Rocco Quinn

Personal information
- Date of birth: 7 September 1986 (age 39)
- Place of birth: Glasgow, Scotland
- Position: Attacking midfielder

Youth career
- 2002–2004: Celtic

Senior career*
- Years: Team / Apps / (Gls)
- 2004–2009: Celtic / 0 / (0)
- 2007: → Kilmarnock (loan) / 6 / (0)
- 2007–2008: → St Johnstone (loan) / 21 / (4)
- 2008–2009: → Livingston (loan) / 15 / (1)
- 2009: Hamilton Academical / 2 / (0)
- 2009–2011: Queen of the South / 49 / (6)
- 2011–2016: Ross County / 111 / (11)
- 2016–2017: St Mirren / 27 / (1)
- Total:  / 231 / (23)

International career
- 2006–2008: Scotland U21 / 9 / (1)

= Rocco Quinn =

Scottish footballer (born 1986)

Rocco Quinn (born 7 September 1986) is a Scottish retired professional footballer who played as a midfielder. Quinn played for Celtic, Hamilton Academical, Queen of the South, Ross County and St Mirren, as well as Kilmarnock, St Johnstone and Livingston on loan.

==Club career==
Born in Glasgow, Scotland, Quinn began his career with Celtic and progressed through the club's youth system. He then appeared as an unused substitute on two occasions during the 2004–05 season. Quinn then signed a contract with Celtic, keeping him until 2008.

In Celtic's pre–season tour of 2006, Quinn scored in a friendly match, in a 1–1 draw against New England Revolution. However, he did not make a competitive first team appearance for Celtic with all of his first-team experience at this stage coming in three loan spells at other clubs.

=== Loan Spells from Celtic ===
On 19 January 2007, Quinn spent the second half of the 2006–07 season on loan to Kilmarnock. He made his debut for the club the next day against Dundee United and started the match and played 81 minutes before being substituted, in a 1–0 win. Quinn then made a number of starts for Kilmarnock before losing his place as the season progressed. At the end of the 2006–07 season, he made seven appearances in all competitions.

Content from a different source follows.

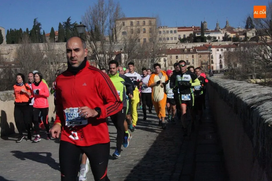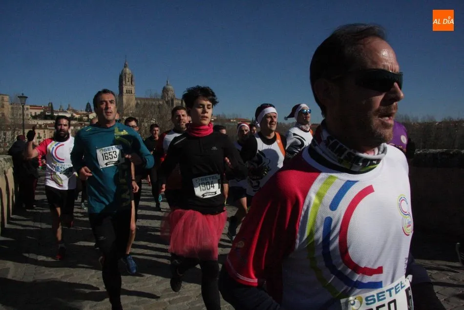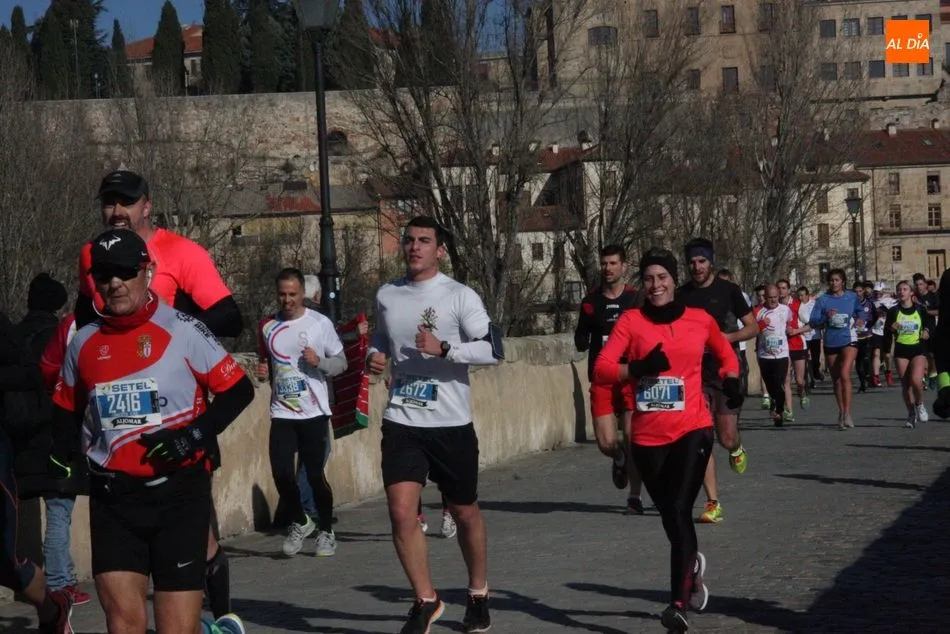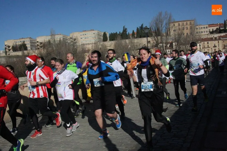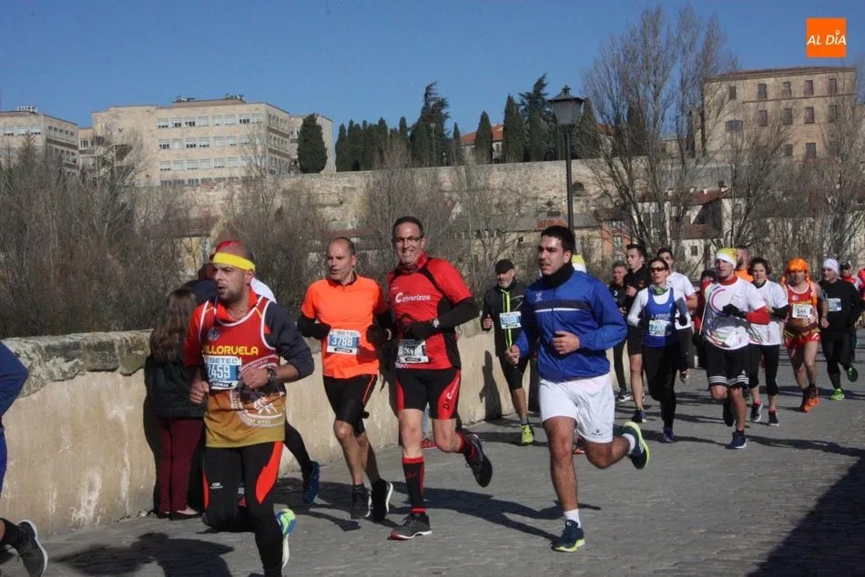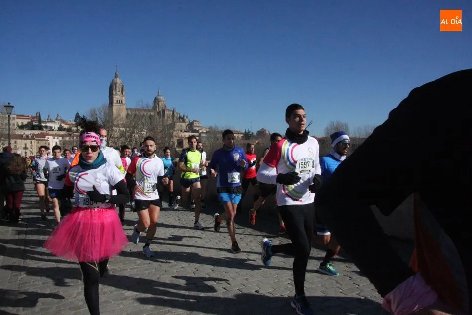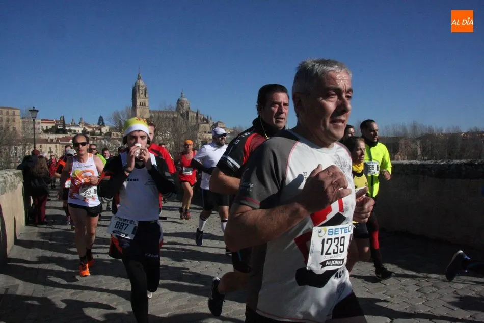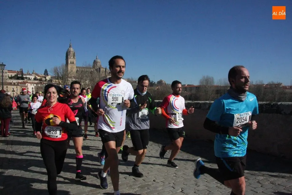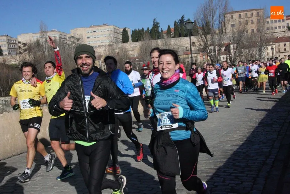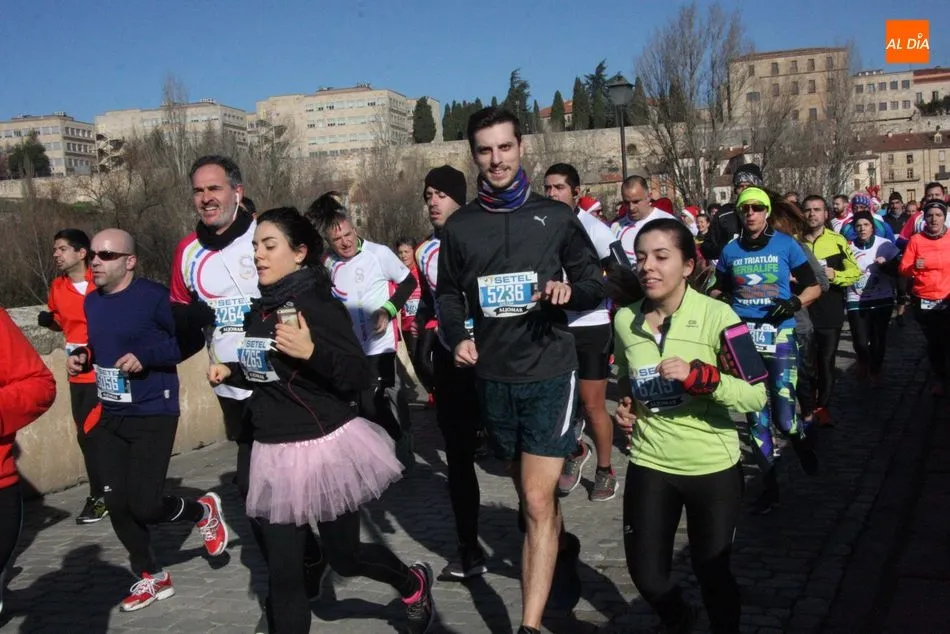 Gran ambiente en el Puente Romano con el paso de la San Silvestre Salmantina 2018

On 1 September 2007, Quinn joined St Johnstone on loan in an attempt to get some first-team experience. He made his debut for the club, starting the whole game, in a 0–0 draw against Dunfermline Athletic on 3 September 2007. Quinn scored his first-ever league goal in St Johnstone's 2–1 victory over Partick Thistle at McDiarmid Park on 15 September 2007. Since joining St Johnstone, Quinn became a first team regular, playing in the midfield position. He then scored the second goal of the season, in a 3–1 win against Greenock Morton to help the club reach the Scottish Challenge Cup final. Quinn started in the final and helped St Johnstone win the Scottish Challenge Cup, beating Dunfermline Athletic 3–2 in the final. His performances led to the club keen on signing him permanently. Amid to his future at St Johnstone, he scored his third goal for the club, in a 5–2 win against Livingston on 22 December 2007. However, St Johnstone failed to sign Quinn permanently after learning the transfer value was ‘’"too high"’’ for the club. He suffered ankle injury and was substituted in the 51st minute, in a 0–0 draw against Stirling Albion on 26 December 2007, leading him to return to his parent club. Quinn returned to St Johnstone in February 2008 on an emergency loan for the remainder of the 2007–08 season. However, he suffered ankle injury and was substituted at half-time, in a 3–2 loss against Dundee on 1 March 2008. After missing one match, Quinn returned to the starting line–up, in a 2–1 win against Queen of the South on 11 March 2008. He scored on 15 March 2008 and 18 March 2008 against Livingston (twice) and St Mirren respectively. However, Quinn suffered a hamstring injury that saw him out for the rest of the 2007–08 season. At the end of the 2007–08 season, he made twenty–six appearances and scoring six times in all competitions.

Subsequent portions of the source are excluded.